Dort kann man sich kostenlos registieren und dann das Game spielen.
Es ist kostenlos. Aber gerade das macht mich stutzig.
Warum kostenlos  In letzter Zeit tauchen ja immer mehr kostenlose Online-Games auf. Irgend ein Haken muß die Sache doch haben. Niemand hat etwas zu verschenken. Wo sind also die versteckten Kosten ...

Unser Sohn möchte gerne das Stoneage Game spielen. Aber ich scheue mich vor der Online-Registrierung. 

Wer hat Erfahrung mit solchen Internet Online-Games  bzw. mit Stoneage 2 ...


Geronimo
...


----------



## zkSpawn (22. Juni 2009)

Ich habe mir die Seite zu diesem Spiel mal kurz angeschaut.

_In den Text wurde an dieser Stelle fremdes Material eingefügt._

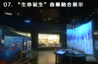 這套展項通過雙臺投影產品拼接融合成超大曲面顯示屏幕,通過這一頗具震撼效果的屏幕來向觀眾傳遞“生命的誕生”這一特殊的主題,曲面、高清高亮、逼真視頻效果以及沉浸感受成為這套系統的突出特點。系統運用了兩臺索尼高端工程投影機拼接融合而成,其中吊頂安裝、融合帶處理以及高畫質輸出等等技術特點使得這套展項更具示范意義,也更能體現多媒體投影系統的魅力與靈活。 |
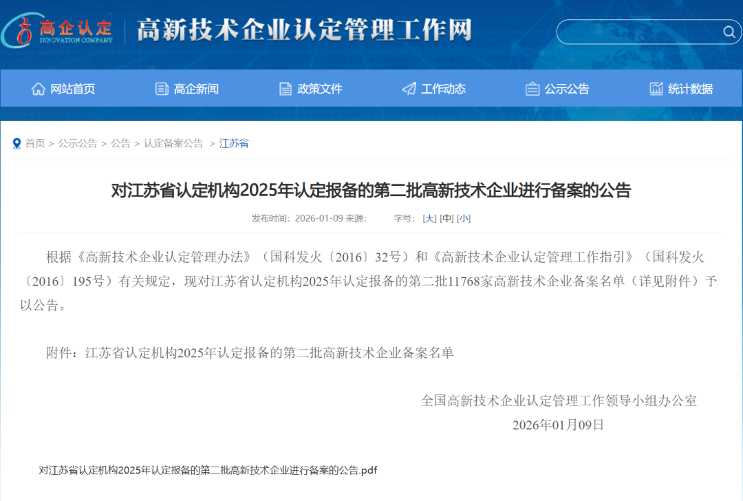 近日,根据《高新技术企业认定管理办法》及相关规定,全国高新技术企业认定管理工作领导小组办公室对江苏省认定机构2025年认定报备的第二批企业进行备案公示。555000jcjc公海凭借其扎实的科技创新实力与完善的研发管理体系,成功荣列在本次备案中。
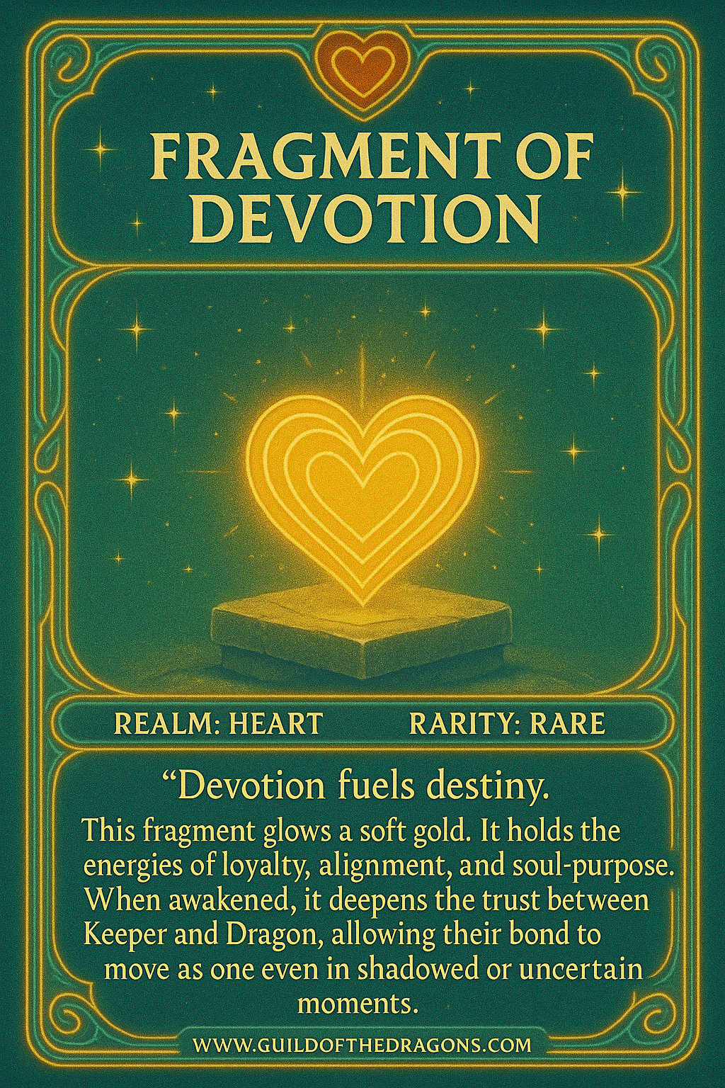 This fragment glows a soft gold. It holds the energies of loyalty, alignment, and soul-purpose. When awakened, it deepens the trust between Keeper and Dragon, allowing their bond to move as one even in shadowed or uncertain moments.

Das Spiel basiert auf dem Free 2 Play Prinzip. Und finanziert sich wie die meisten Free 2 Play MMORPG's über DLC (Downloadcontent) oder Item Shops. Dies kostet jedoch meistens Geld - Ist aber nicht notwendig für das Spiel. 

Kostenlos Spielen = Ja - Keine Download-Kosten oder monatliche Gebühren

Kosten = *Jein - *Nur wenn man möchte und nicht notwendig um zu Spielen. Doch wenn man möchte gibt es einen ItemShop.

Pers. Meinung : Geld ausgeben für solche Items finde Ich nicht gut. Aber darauf setzt das Spiel. Spieler kaufen sich Items für echtes Geld um sich Vorteile gegenüber anderen Spielern zu verschaffen. Diese Spieler wollen dies auch und kaufen sich auch Items usw usw. Man sollte also abschätzen ob der Spieler (Sohn) nicht auch eventuell diese Effekte und Items (spezielle Tiere ,Kleidung,Fähigkeiten) bei anderen Spielern sieht und diese auch möchte, um später doch Geld auszugeben oder investieren möchte in Items. Daher würde Ich sage vor dem Sohn einfach mal selber kurz anspielen und sich eine Meinung darüber bilden. Eventuell im forum zum Spiel schauen was andere Spieler schreiben (negatives/positives).

mfg


----------